━━━━━ WORKING DATA
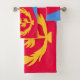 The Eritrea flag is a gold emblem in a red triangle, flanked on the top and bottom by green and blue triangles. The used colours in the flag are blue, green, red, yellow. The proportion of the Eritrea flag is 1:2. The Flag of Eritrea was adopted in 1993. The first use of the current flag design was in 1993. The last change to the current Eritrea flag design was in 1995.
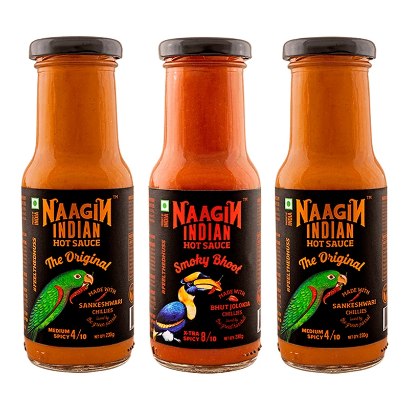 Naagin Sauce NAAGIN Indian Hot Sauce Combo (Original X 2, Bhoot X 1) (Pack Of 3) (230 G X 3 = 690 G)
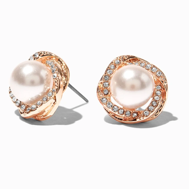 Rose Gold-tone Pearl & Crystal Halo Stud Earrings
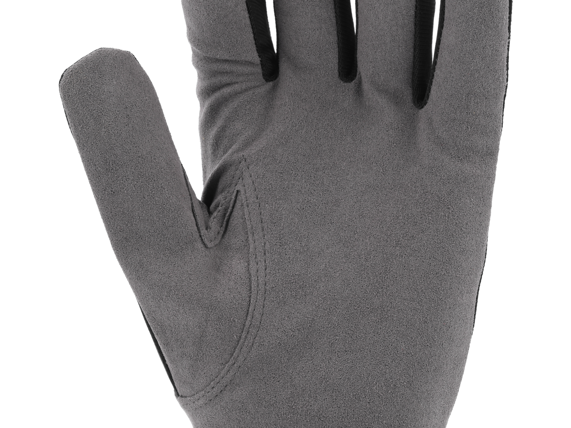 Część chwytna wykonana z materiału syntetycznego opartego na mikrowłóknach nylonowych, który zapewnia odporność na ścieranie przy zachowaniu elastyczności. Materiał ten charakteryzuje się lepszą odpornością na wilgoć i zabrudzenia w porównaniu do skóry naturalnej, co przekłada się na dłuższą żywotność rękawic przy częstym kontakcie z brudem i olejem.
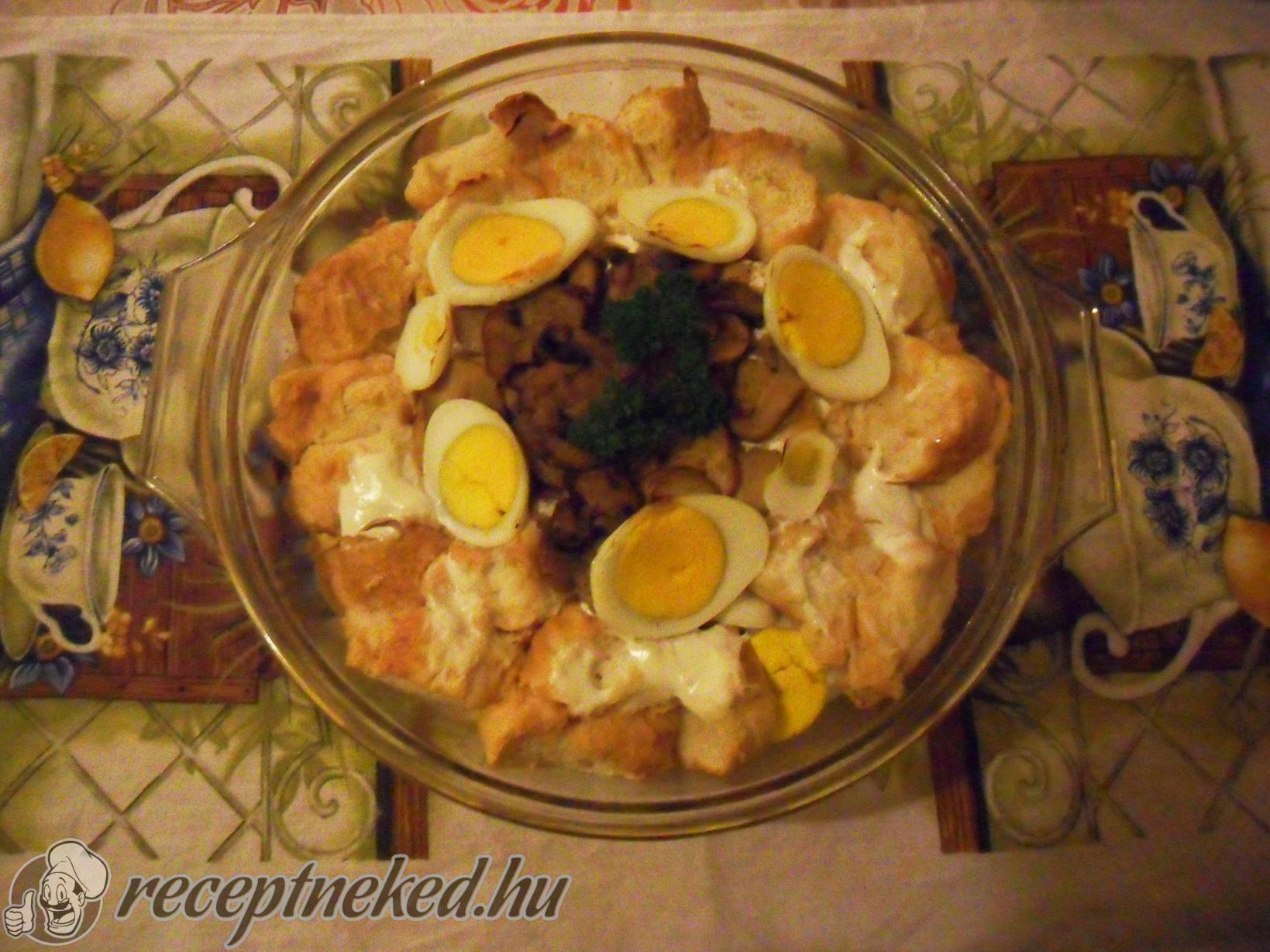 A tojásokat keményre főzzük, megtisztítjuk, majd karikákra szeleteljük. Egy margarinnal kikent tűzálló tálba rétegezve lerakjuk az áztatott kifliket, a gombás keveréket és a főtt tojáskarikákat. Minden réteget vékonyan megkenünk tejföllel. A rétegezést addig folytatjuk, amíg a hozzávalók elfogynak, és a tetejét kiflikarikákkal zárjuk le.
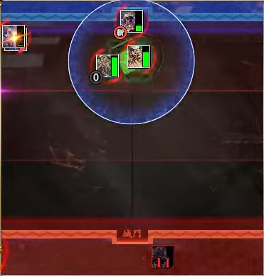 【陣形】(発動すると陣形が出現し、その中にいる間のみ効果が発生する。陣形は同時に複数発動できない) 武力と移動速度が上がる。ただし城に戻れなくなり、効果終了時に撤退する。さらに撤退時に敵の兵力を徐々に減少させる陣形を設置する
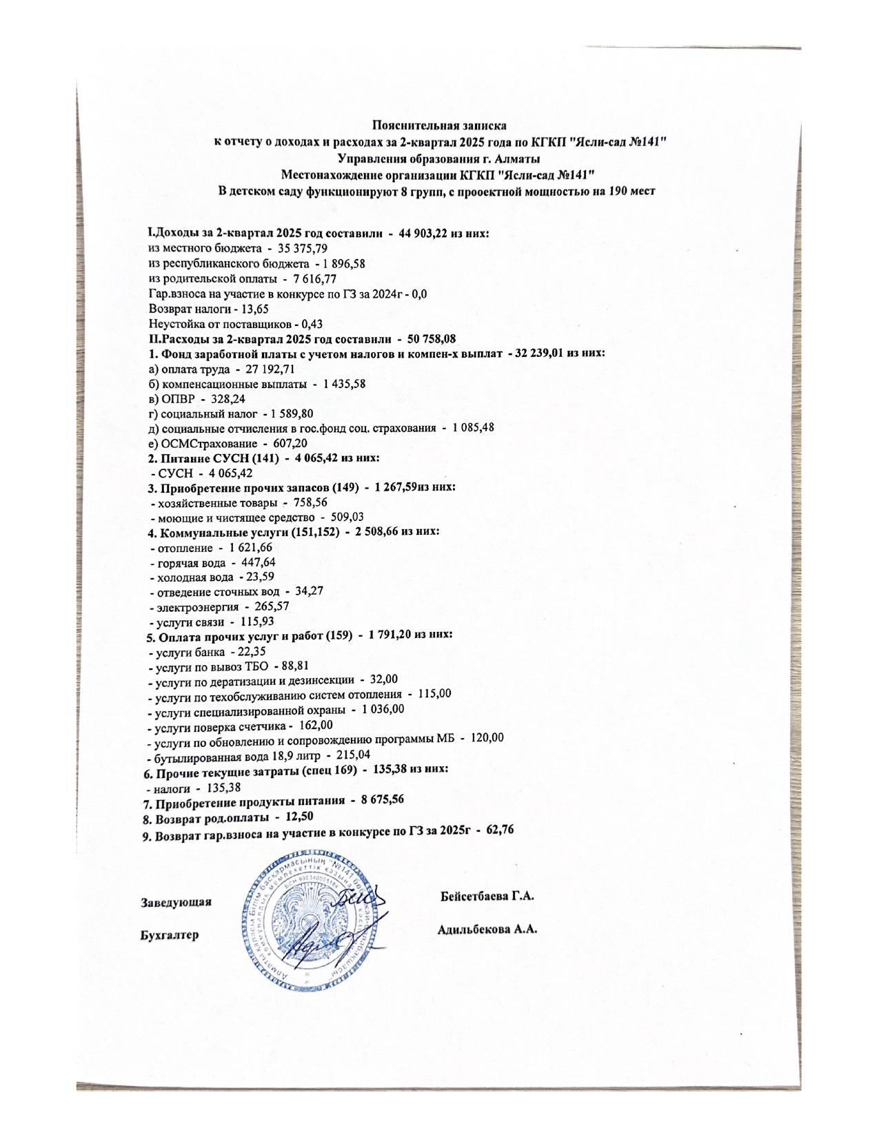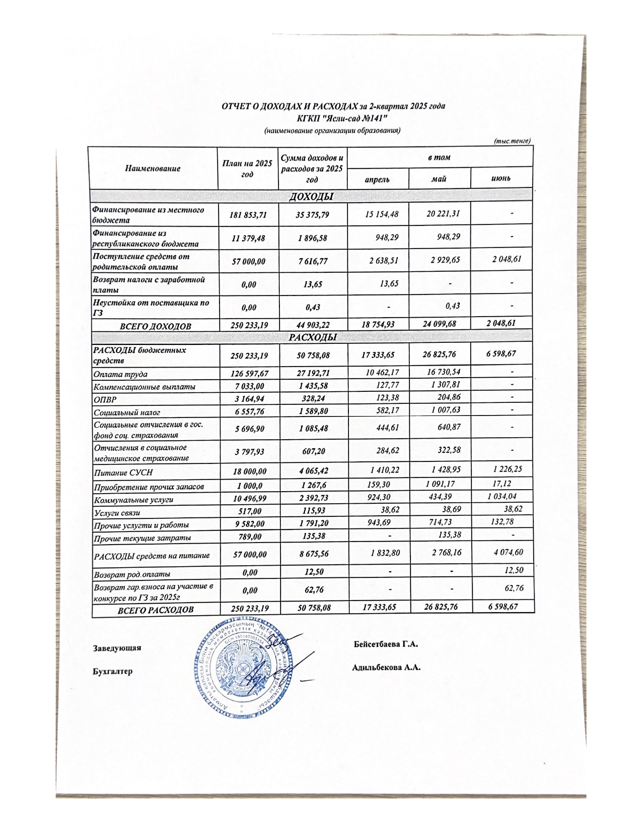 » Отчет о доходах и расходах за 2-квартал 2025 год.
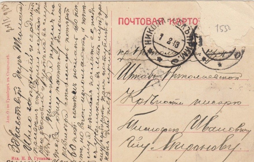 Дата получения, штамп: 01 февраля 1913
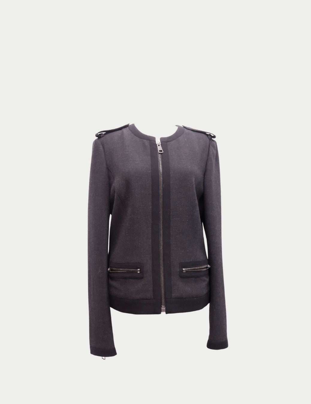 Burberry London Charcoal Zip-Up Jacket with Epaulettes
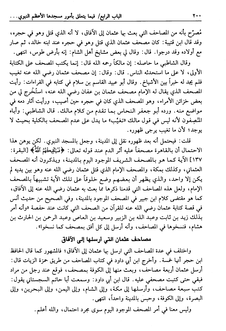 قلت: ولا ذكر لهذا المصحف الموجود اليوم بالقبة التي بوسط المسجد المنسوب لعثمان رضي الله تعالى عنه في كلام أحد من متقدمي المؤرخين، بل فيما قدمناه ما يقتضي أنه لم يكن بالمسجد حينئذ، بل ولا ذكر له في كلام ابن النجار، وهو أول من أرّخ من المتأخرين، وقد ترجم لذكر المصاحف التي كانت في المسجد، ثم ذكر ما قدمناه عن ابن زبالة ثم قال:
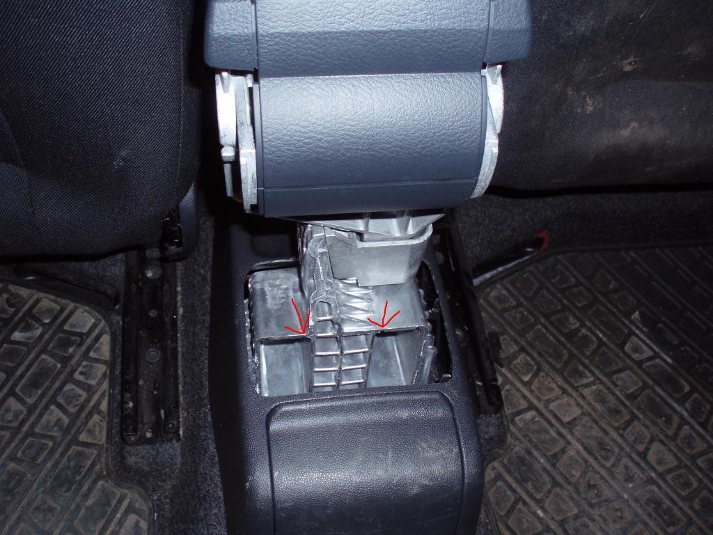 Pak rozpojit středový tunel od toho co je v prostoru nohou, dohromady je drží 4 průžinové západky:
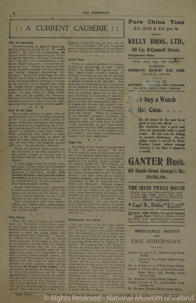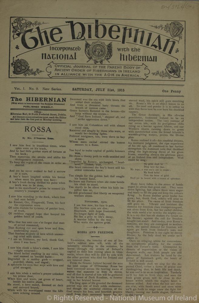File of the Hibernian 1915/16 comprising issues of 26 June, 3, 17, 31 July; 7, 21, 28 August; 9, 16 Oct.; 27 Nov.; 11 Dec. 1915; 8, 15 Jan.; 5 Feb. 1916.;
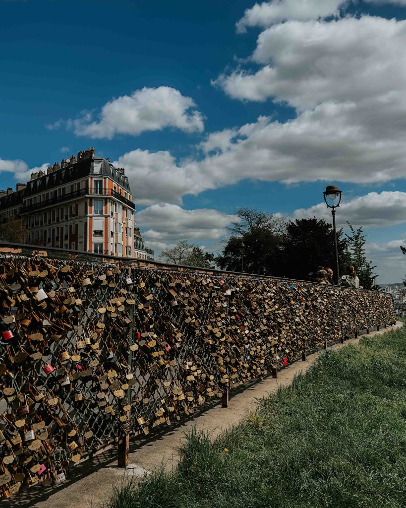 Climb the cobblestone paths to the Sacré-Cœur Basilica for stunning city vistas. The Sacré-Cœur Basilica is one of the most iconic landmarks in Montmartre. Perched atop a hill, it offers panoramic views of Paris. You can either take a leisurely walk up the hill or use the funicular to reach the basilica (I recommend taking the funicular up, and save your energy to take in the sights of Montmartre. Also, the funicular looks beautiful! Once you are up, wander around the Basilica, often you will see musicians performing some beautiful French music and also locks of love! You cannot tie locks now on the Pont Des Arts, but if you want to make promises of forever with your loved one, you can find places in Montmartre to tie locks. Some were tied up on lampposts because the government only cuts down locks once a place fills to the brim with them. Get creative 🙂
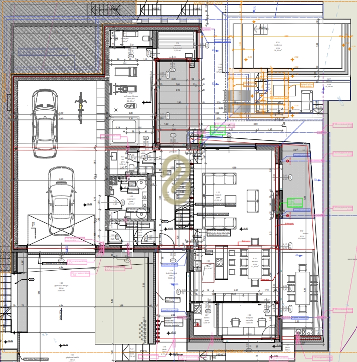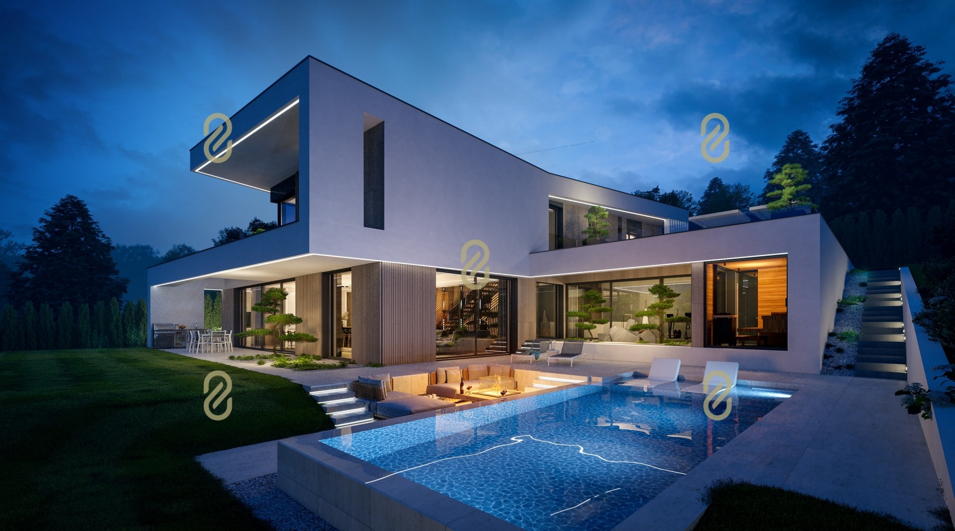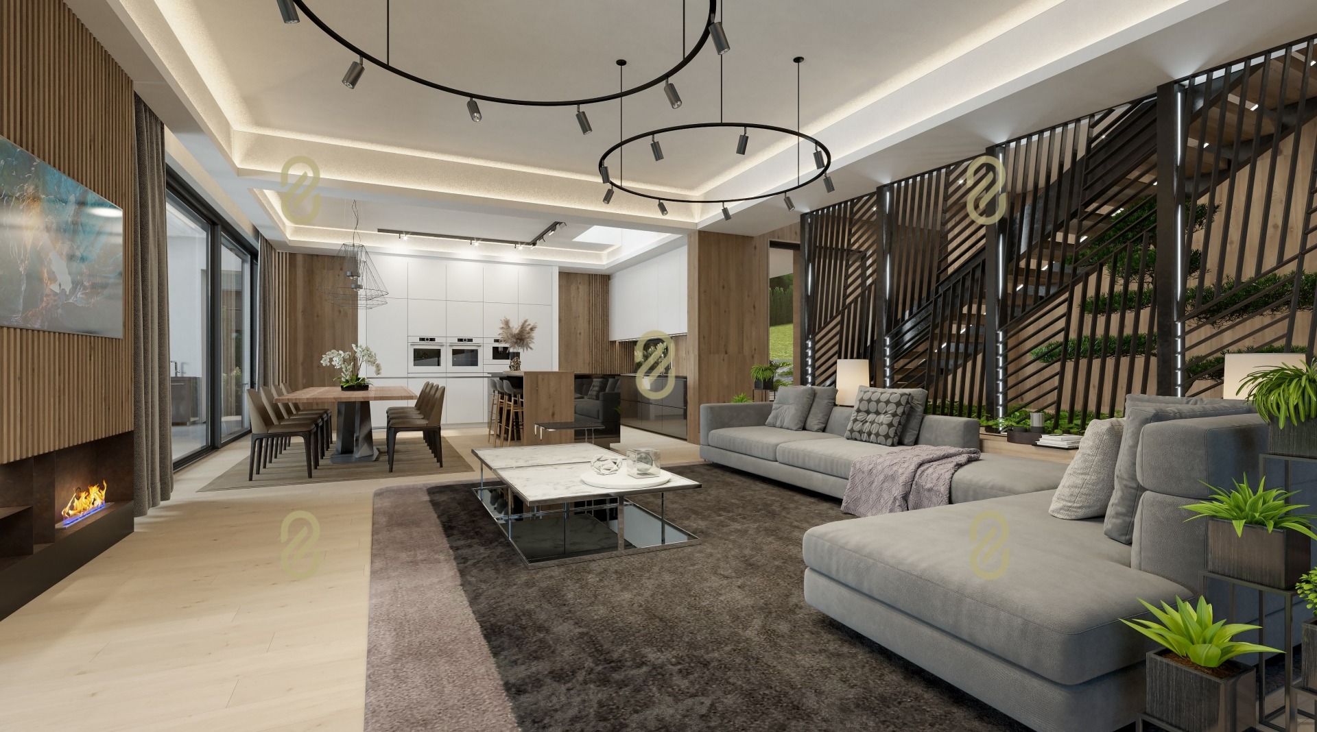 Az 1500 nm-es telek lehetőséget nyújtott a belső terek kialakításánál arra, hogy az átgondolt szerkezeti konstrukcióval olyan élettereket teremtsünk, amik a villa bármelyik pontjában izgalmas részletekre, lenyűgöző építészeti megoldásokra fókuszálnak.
━━━━━━━━━━
● WHAT YOU ARE ASKED TO DO
The lines to set down run from the line with "Naagin Sauce NAAGIN" up to and including the line with "Rose Gold-tone Pearl" in the entries above. Reproduce them exactly, with no pictures.

● FINISHED EXERCISE
 Naagin Sauce NAAGIN Indian Hot Sauce Combo (Original X 2, Bhoot X 1) (Pack Of 3) (230 G X 3 = 690 G)
 Rose Gold-tone Pearl & Crystal Halo Stud Earrings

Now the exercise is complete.